Adnan Keskin’ler karıştı

Gazeteciler Adnan Keskin ve Banu Güven, akademisyenler Kerem Altıparmak ve Yaman Akdeniz, AYM’ye, “yayın yasakları” aleyhine bireysel başvuru yaptı. Başvuru ile ilgili 21 Şubat 2015’de Resmi Gazete’de yayımlanan kararda çok önemli hatalar yapıldığı anlaşıldı. Kararın düzeltilmesi talebiyle AYM’ye sunulan dilekçede, Adnan Keskin’in 25 yıldır gazeteci olduğuna ilişkin dilekçede ayrıntılı açıklamalar olmasına rağmen AYM’nin Keskin’i “milletvekili” olarak tanımlandığı ve bu yüzden “kişi bakımından yetkisizlik” kararı verdiği anlatıldı. Gazeteci Keskin’in AYM tarafından CHP’li Adnan Keskin ile karıştırıldığı vurgulanan gerekçede, ‘kişi bakımından yetkisizlik’ nedeniyle reddedilen bir başvuruda ‘kişi’ üzerinde yapılan bu hata, hukuk fakültelerinde sıklıkla kullanılan adıyla ‘fahiş hata’ niteliğindedir” denildi.

‘Yanlış sayım yapıldı’

“Yanlış sayım” yapıldığı da belirtilen başvuruda bu yüzden “kabul edilebilirlik kararı verilmesi gerekirken kabul edilemezlik kararı verildiği” belirtildi.
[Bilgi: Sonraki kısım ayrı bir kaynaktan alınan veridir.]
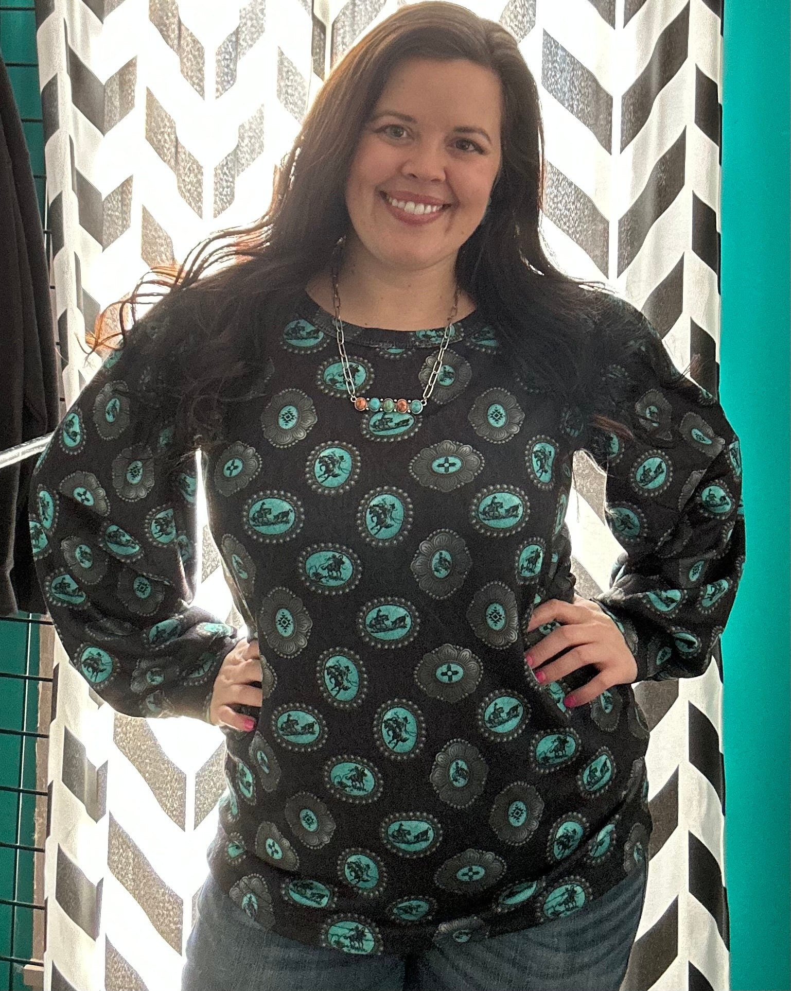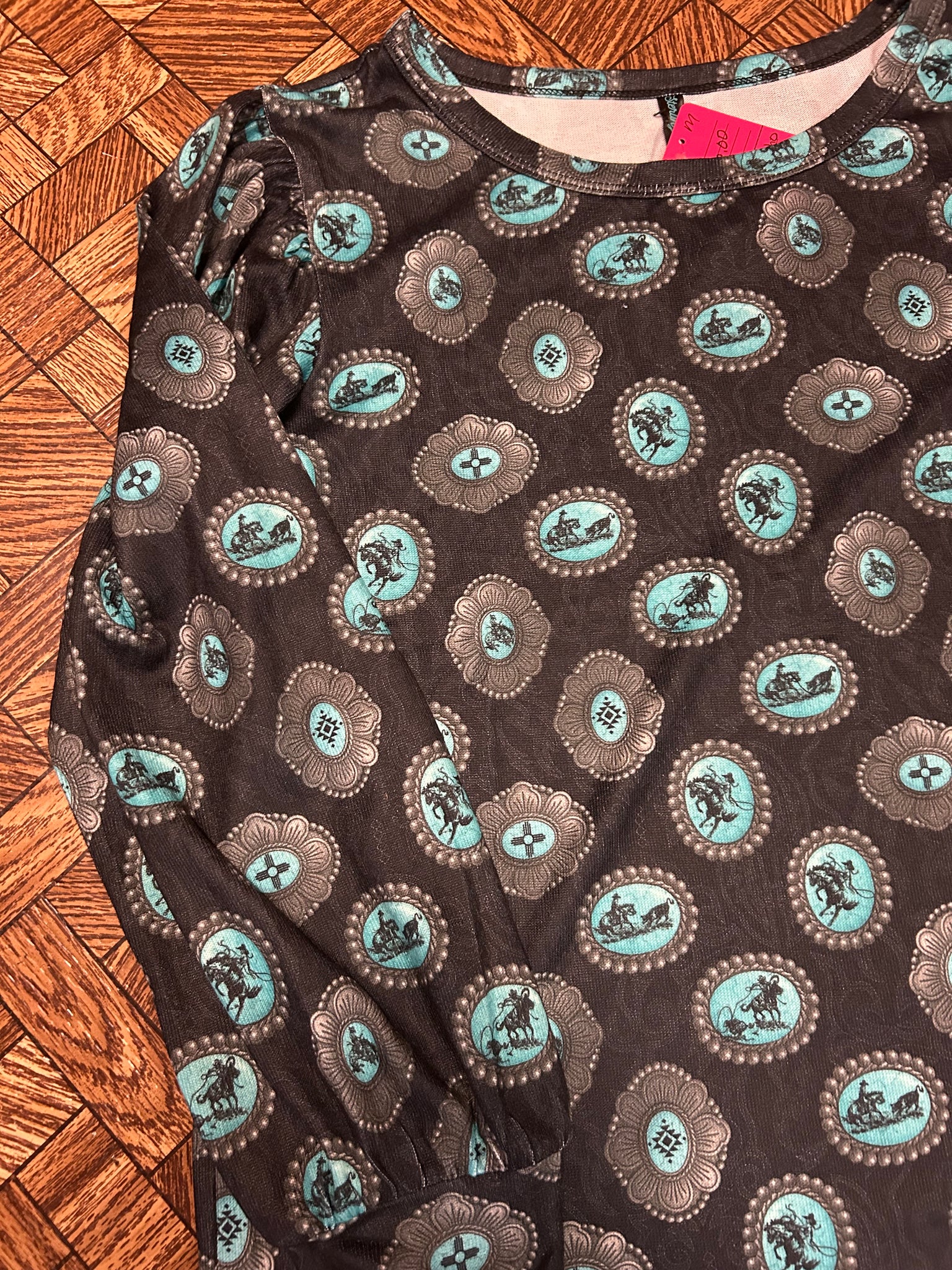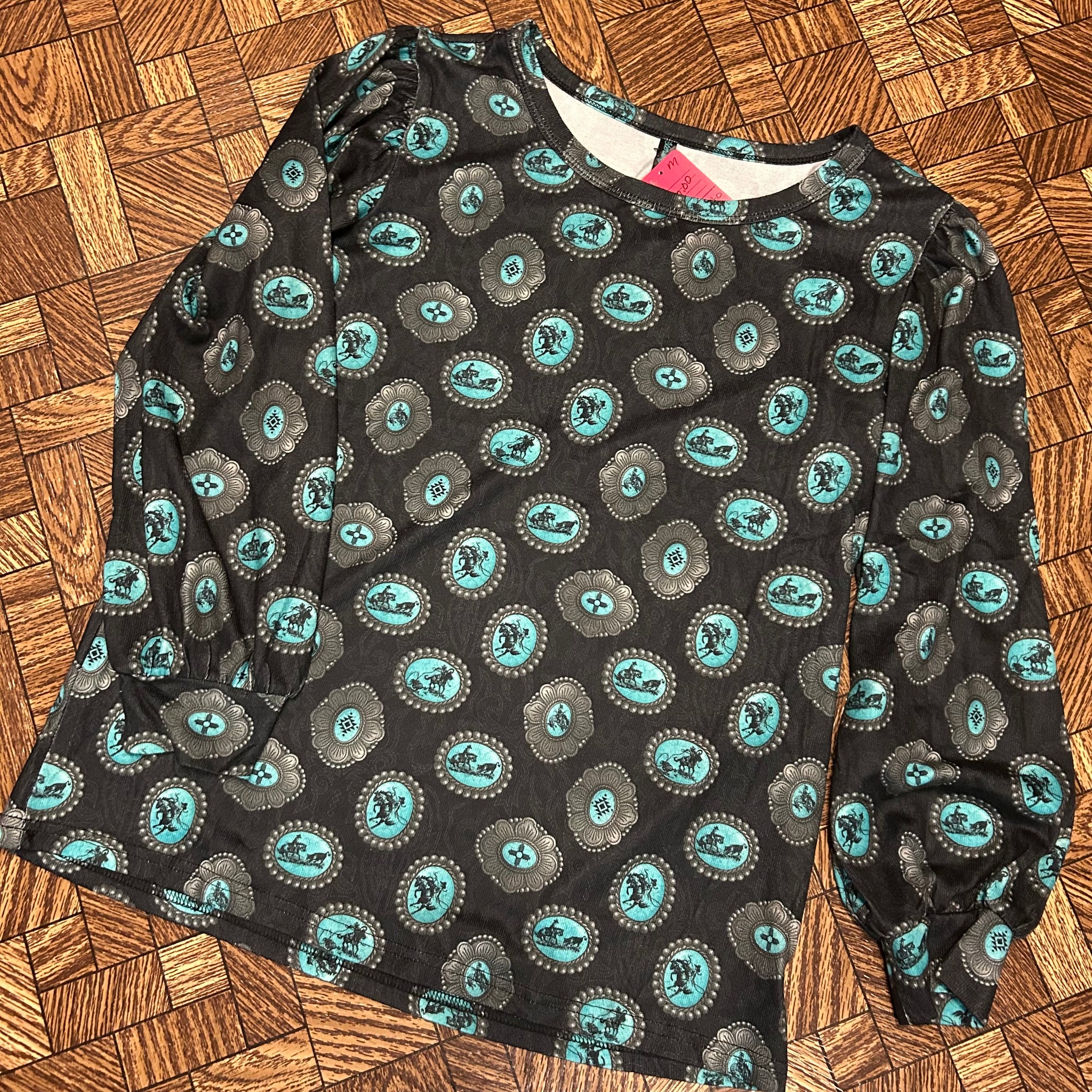 This top will be a go to! Just a simple long sleeve that can be dressed up or down. Silver & Turquoise Buckles with ropers, broncs, cutters & aztec designs.

AYM’nin kararlarını salt çoğunluk ile verdiğine dikkat çekilen dilekçede, 16 kişilik Genel Kurul için karar yeter sayısının dokuz olması gerektiği anımsatıldı. Kararda 9 üyenin başvuruyu kabul edilemez bulduğu, 7’ye  karşı oy kullanıldığı belirtildiğine dikkat çekilen dilekçede şöyle denildi: “Oysa yazılan farklı gerekçe ve karşı oy yazıları incelendiğinde 9 üyenin, ‘kişi yönünden yetkisizlik nedeniyle başvurunun kabul edilmez’ olduğuna ilişkin karara gazeteciler Keskin ve Güven yönünden katılmadıkları anlaşılmaktadır. Başvurunun gazeteciler bakımından mağduriyet sıfatını haiz oldukları ve kabul edilebilir bulunması yönünde görüş bildiren üyelerin toplam sayısı 7 değil, 9’dur. Bu yüzden AYM tarafından kabul edilmezlik kararı verilmesi usule ve yasaya aykırıdır. Başvurucu Güven ve Keskin hakkında kararın düzeltilerek kabul edilebilir bulunduğunun ilanı ve başvurunun esastan incelenmesi gerektiği açıktır.”

‘Farklı gerekçe’ denildi

Dilekçede skandal hatanın nasıl yapıldığı da şöyle anlatıldı:
“’Farklı Gerekçe’ başlığı altında üyeler Celal Mümtaz Akıncı ve Muammer Topal, yasağın yazılı, görsel medya ve internette yapılan yayınları kapsadığından, gazeteci Banu Güven’i ve Adnan Keskin’i doğrudan etkileyeceğini, dolayısıyla bu başvuranlar yönünden ‘kişi yönünden yetkisizlik’ nedeniyle ‘kabul edilmez olduğu’ yolundaki görüşe katılmadıklarını belirttiler. Buna rağmen iki üye bakımından düşülen şerh ‘farklı görüş’ olarak geçti. Oysa iki üyenin şerhinin hiçbir yerinde karara katıldıklarına dair bir ibare yer almadığı gibi aksine ‘karara katılmadıkları’ belirtildi.”